EXERCISE DESCRIPTION — Each line below is to be repeated exactly; any picture is to be left out.

RECORDS PROVIDED —
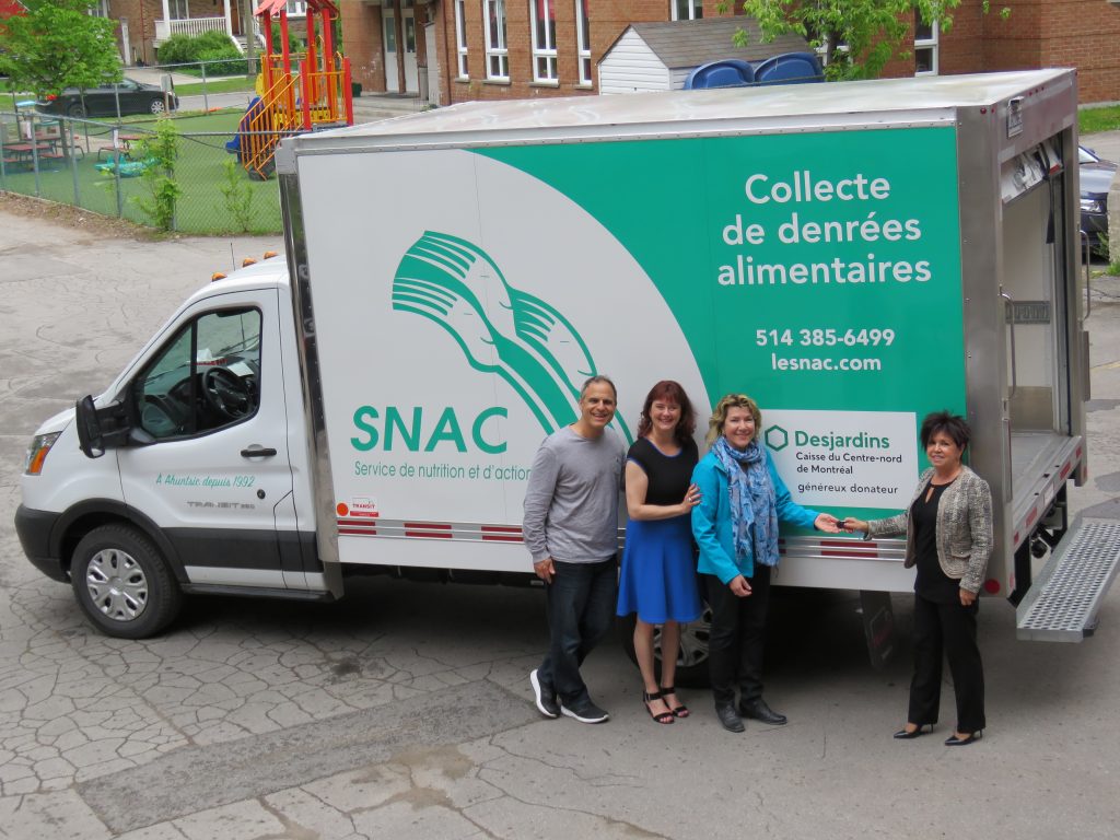 Pour pouvoir aller recueillir et distribuer davantage de denrées alimentaires, nous devions nous munir d’un plus grand camion. Chose faite, grâce à la Caisse Desjardins Centre-nord de Montréal et à un donateur du quartier Ahuntsic.
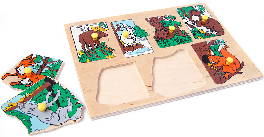 Пособие представляет собой планшет, на котором размещены вкладыши – острова с изображением семи наиболее распространенных животных Европы и средней полосы России. Вкладыши, изображающие лося, зайца, кабана, медведя, лису, волка и белку, дополнены фоном мест их обитания. Вкладыши помещены в соответствующие выемки. На каждом из вкладышей имеется удобная ручка-кнопочка. Рамка-вкладыш "Животные наших лесов" состоит из 7 (семи) вкладок, каждая из которых снабжена удобной ручкой. На вкладках изображены различные животные. Ваш малыш познакомится в игровой форме с этими представителями животного мира наших лесов, найдет для каждого из них своё место и расскажет вам много интересного. Методика проведения занятий очень проста: родители показывают ребенку доску с уложенными вкладками, затем высыпают их и предлагают ребёнку вложить каждую вкладку на место, сопровождая игру рассказом о каждом животном, его образе жизни, среде обитания, поведении и особенностях. Затем взрослый описывает животное или загадывает загадки, а дети отгадывают. Для старших детей можно предложить следующий вариант игры. Взрослый произносит четко звуки, например: «С, Д, В, Р, Ж», а дети показывают вкладыш с животным, определяя, где находится звук: в середине, начале или конце слова.
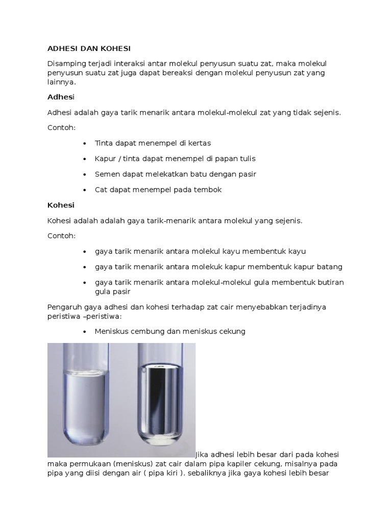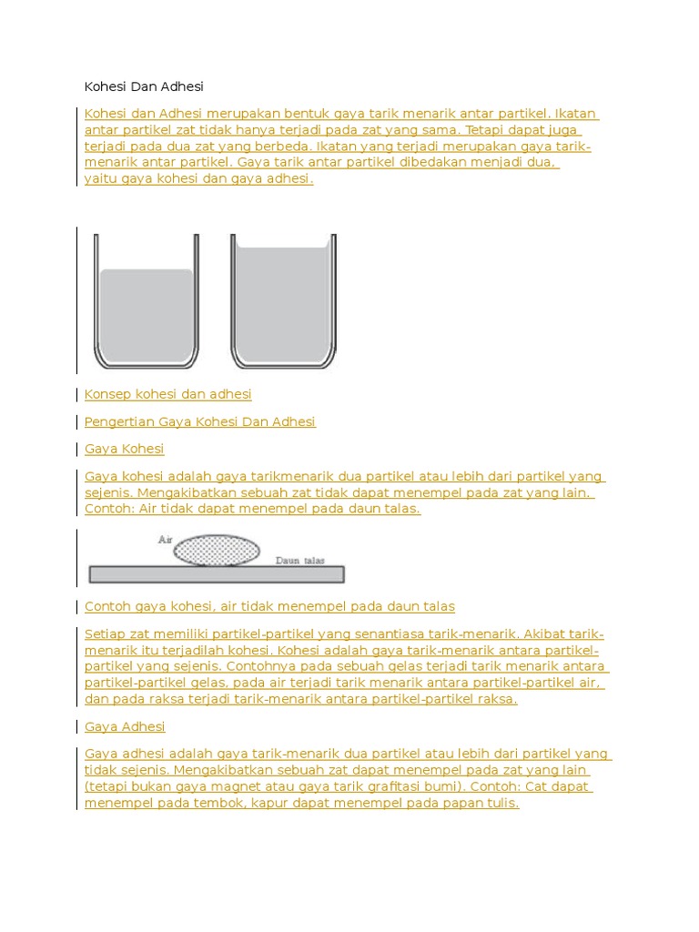 Contoh kohesi dan adhesi. Mari kita bahas selengkapnya. Gaya kohesi adalah gaya tarikmenarik dua partikel atau lebih dari partikel yang sejenis. Contoh peristiwa kohesi adalah. Apabila gaya adhesi ini lebih besar daripada gaya kohesi maka yang terjadi kedua zat akan saling menempel. Ada 3 hal peristiwa unik yang terjadi akibat dari adanya kedua jenis gaya tarik menarik partikel tersebut. Air tidak dapat menempel pada daun talas.
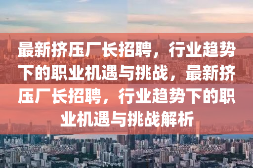 随着科技的进步和工业领域的持续发展,挤压厂长这一职业逐渐受到广泛关注,随着行业内各大企业的扩张和转型升级,挤压厂长招聘成为热点话题,本文将结合当前行业趋势,以新闻报道的视角对挤压厂长招聘进行深入剖析,并融入自己的观点和见解。
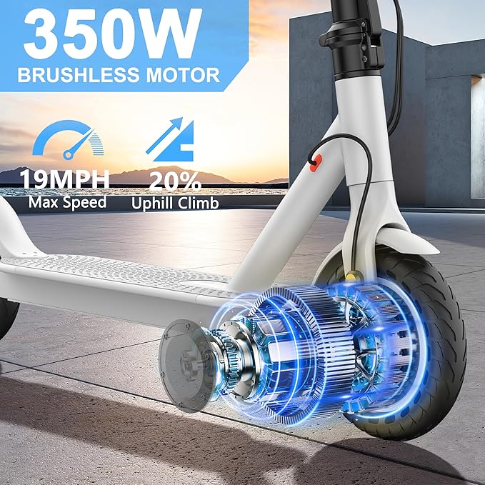 - 350W MOTOR( Peak 700W)--High power brushless motor, peak power 700W, provides a maximum speed of 19 MPH, load capacity of the escooter electric for adults is 265 lbs, 20% uphill climb keep you motivated when going uphill.
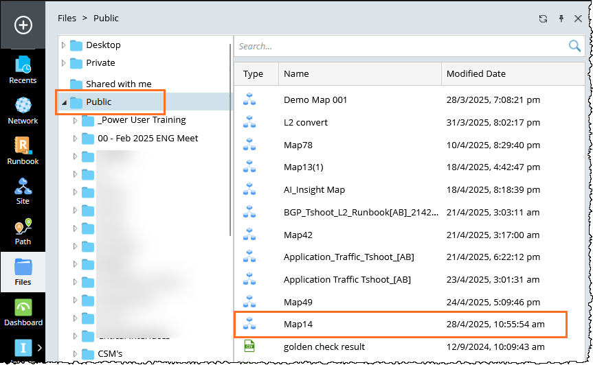 - Select a folder and enter a name for the map. Maps saved in Private or Desktop are visible only to you. To make a map available to all users, save it under Public.
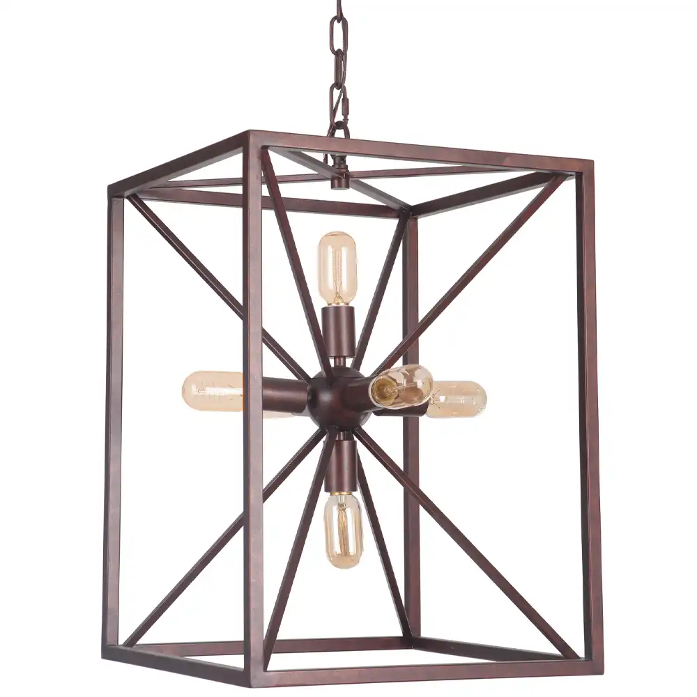 The chandelier features a sturdy, open cubic cage design, meticulously crafted from high-strength metal. The entire metal framework, including the suspension chain, boasts a rich, multi-layered rubbed bronze finish. This finish is characterized by a deep, dark brown base with subtle, almost reddish-copper undertones and deliberate lighter highlights on the edges and raised surfaces, giving it an authentic, hand-aged, distressed appearance. This nuanced treatment adds significant depth and character, allowing the fixture to seamlessly integrate into spaces that embrace raw materials and a sophisticated, unpolished aesthetic.

OUTPUT OF THE TASK —
 Pour pouvoir aller recueillir et distribuer davantage de denrées alimentaires, nous devions nous munir d’un plus grand camion. Chose faite, grâce à la Caisse Desjardins Centre-nord de Montréal et à un donateur du quartier Ahuntsic.
 Пособие представляет собой планшет, на котором размещены вкладыши – острова с изображением семи наиболее распространенных животных Европы и средней полосы России. Вкладыши, изображающие лося, зайца, кабана, медведя, лису, волка и белку, дополнены фоном мест их обитания. Вкладыши помещены в соответствующие выемки. На каждом из вкладышей имеется удобная ручка-кнопочка. Рамка-вкладыш "Животные наших лесов" состоит из 7 (семи) вкладок, каждая из которых снабжена удобной ручкой. На вкладках изображены различные животные. Ваш малыш познакомится в игровой форме с этими представителями животного мира наших лесов, найдет для каждого из них своё место и расскажет вам много интересного. Методика проведения занятий очень проста: родители показывают ребенку доску с уложенными вкладками, затем высыпают их и предлагают ребёнку вложить каждую вкладку на место, сопровождая игру рассказом о каждом животном, его образе жизни, среде обитания, поведении и особенностях. Затем взрослый описывает животное или загадывает загадки, а дети отгадывают. Для старших детей можно предложить следующий вариант игры. Взрослый произносит четко звуки, например: «С, Д, В, Р, Ж», а дети показывают вкладыш с животным, определяя, где находится звук: в середине, начале или конце слова.
 Contoh kohesi dan adhesi. Mari kita bahas selengkapnya. Gaya kohesi adalah gaya tarikmenarik dua partikel atau lebih dari partikel yang sejenis. Contoh peristiwa kohesi adalah. Apabila gaya adhesi ini lebih besar daripada gaya kohesi maka yang terjadi kedua zat akan saling menempel. Ada 3 hal peristiwa unik yang terjadi akibat dari adanya kedua jenis gaya tarik menarik partikel tersebut. Air tidak dapat menempel pada daun talas.
 随着科技的进步和工业领域的持续发展,挤压厂长这一职业逐渐受到广泛关注,随着行业内各大企业的扩张和转型升级,挤压厂长招聘成为热点话题,本文将结合当前行业趋势,以新闻报道的视角对挤压厂长招聘进行深入剖析,并融入自己的观点和见解。
 - 350W MOTOR( Peak 700W)--High power brushless motor, peak power 700W, provides a maximum speed of 19 MPH, load capacity of the escooter electric for adults is 265 lbs, 20% uphill climb keep you motivated when going uphill.
 - Select a folder and enter a name for the map. Maps saved in Private or Desktop are visible only to you. To make a map available to all users, save it under Public.
 The chandelier features a sturdy, open cubic cage design, meticulously crafted from high-strength metal. The entire metal framework, including the suspension chain, boasts a rich, multi-layered rubbed bronze finish. This finish is characterized by a deep, dark brown base with subtle, almost reddish-copper undertones and deliberate lighter highlights on the edges and raised surfaces, giving it an authentic, hand-aged, distressed appearance. This nuanced treatment adds significant depth and character, allowing the fixture to seamlessly integrate into spaces that embrace raw materials and a sophisticated, unpolished aesthetic.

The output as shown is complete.